O
GARI E O
POLÍTICO Em comum apenas o fato de
lidarem com sujeiras. O gari com o sujo material, produto da
negligência, ignorância e da má
educação social e de falta de higiene dos que
vivem em comunidade. O político, bem, o político,
não precisa cogitar de coisa suja: quando, todos, no
mundo inteiro, vemos e sentimos o charco e a podridão que
envolvem aqueles que cuidam da “coisa pública"
com as honrosas exceções. Sabem de uma coisa?
Curiosamente, tenho observado a aparência e o cuidado
dos chamados responsáveis pela coleta de lixo, quero
dizer da “sujeira pública"; e tenho
concluído maravilhas: são limpos, asseados, de
barba feita - quando homens -; de cabelos cuidados - quando
mulheres -; roupas passadas, lisas, mesmo em meio a toda a
sujeira que recolhem. Isto me fez raciocinar como o grande
filósofo alemão, Nietzsche: “O nojo pela
sujeira pode ser tão grande que impede que nos
purifiquemos, - que nos “justifiquemos". É
fato, somente quem não teme a sujeira é capaz de
limpá-la; pois, do contrário, se tivesse horror
à mesma, dela fugiria; e a mesma aumentaria, a tal ponto,
que ele se tornaria parte indefesa dela própria.
Vamos, pois, garis, para combater a sujeira, não
temê-la; enfrentando-a, para acabar com ela. E, enquanto
fazem isto, os banhos habituais, com os sabonetes cheirosos de
sempre, os manterão cada vez mais limpos, ao passo que a
sujeira não resiste a vocês, que são
encarregados de removê-la: parabéns, garis, de todo
o mundo; homens e mulheres limpos, e que se tornam ainda mais
limpos ao não temerem e combaterem a sujeira do mundo!
Mas, até o momento, nos referimos à sujeira
exclusivamente material. Sujeira com que o homem,
criminosamente, contamina o próprio ambiente onde vive.
Mas e os políticos? Lembram-se do título:
Garis e políticos? Bem, no início deste artigo
frisamos o charco e a podridão que envolvem a
“coisa pública" e contamina aqueles que dela
cuidam: os políticos, fora as nobres
exceções. Há, contudo, uma
diferença essencial entre a sujeira do gari e a sujeira
do político: primeiro, que a sujeira do gari não
é de sua responsabilidade; pelo contrário, sua
responsabilidade é caprichar em sua própria
limpeza para não ser vitimado pelo mal causado por
outros. Daí, ser um preconceito achar-se que o gari
é sujo porque lida com a sujeira: sujo é quem
assim pensa; sujo na mente, sujo no coração.

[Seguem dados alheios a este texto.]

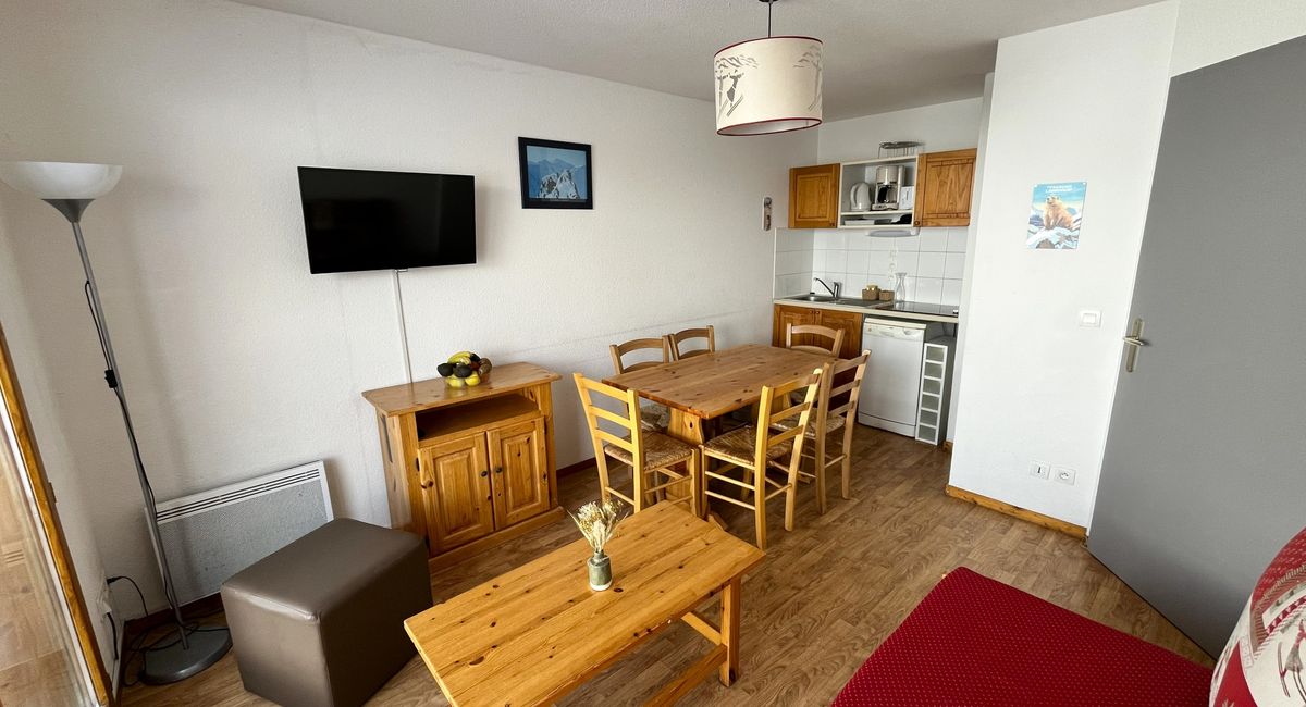 Treat yourself to a cosy holiday in the heart of the mountains. Located in the Les Balcons du Soleil 2 residence, this charming 29 m² 3-room flat comfortably sleeps up to 6 people, making it ideal for holidays with family or friends. Just 100 m from the ski lifts, with direct access from the Route du Tour green run, it also offers exceptional panoramic views of the peaks from its balcony.
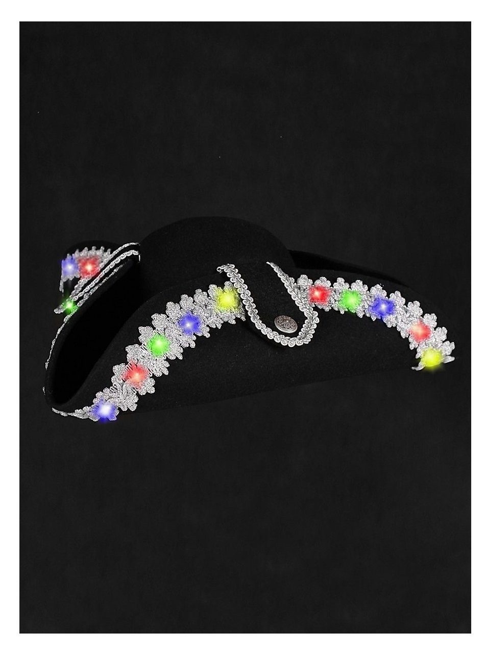Der helle Wahnsinn – ganz besonders im Dunkeln! Dieser schwarze LED Hut mit Silberborte begeistert mit seinen zuschaltbaren, bunt blinkenden Leuchtdioden.

Já na política, lamentavelmente, a sujeira
é produzida justamente por aqueles que, demagogicamente,
se propõem a limpá-la: acabam aumentando-a,
inclusive, inovando-a, com novas formas de sujeiras. E o
pior, se há as exceções - que sempre
existem -, elas apenas vêm a confirmar a regra: os bons,
ou se omitem - e se tornam piores do que os corruptos -; ou
só lhes resta a decepção consigo mesmos,
por terem se iludido com a possibilidade de se manterem limpos
no meio de tanta e histórica sujeira: e, pior ainda,
enquanto os garis dispõem de sabonetes e perfumes que os
tornam asseados e contrastantes com a sujeira que combatem, os
políticos, cada vez mais, se tornam mais sujos, pois
é uma sujeira que os agride por dentro: no nível
da consciência, do caráter e da dignidade... Ao
fim de tanta sujeira, enquanto os garis, moralmente garantidos
de nada terem com a sujeira que combatem, e até
estimulados em sua limpeza, exalam, na limpeza e no cuidado com
a limpeza de seus corpos, o sentimento nobre de sintonia com a
alvura de suas consciências, onde o lixo material jamais
atuará. Os políticos, ah! Os pobres
políticos! Estes, por mais que lavem os corpos, com
sabonetes e perfumes caríssimos - seus salários
permitem... -, jamais, em tempo algum, removerão o mal
cheiro e a podridão que o peso de suas consciências
- desde o corrupto ao omisso-fora as nobres
exceções - exala fetidamente, desde os corredores
palacianos até os banheiros públicos! Foi
exagero, algum ato de injustiça, algo de errado o que
aqui escrevemos? Se foi, que me perdoem os garis pela
justiça maior que não lhes fiz. E, é
lógico, as nobres exceções que ainda
mantêm a política como o mal mais necessário
ao homem, mais que o próprio dinheiro.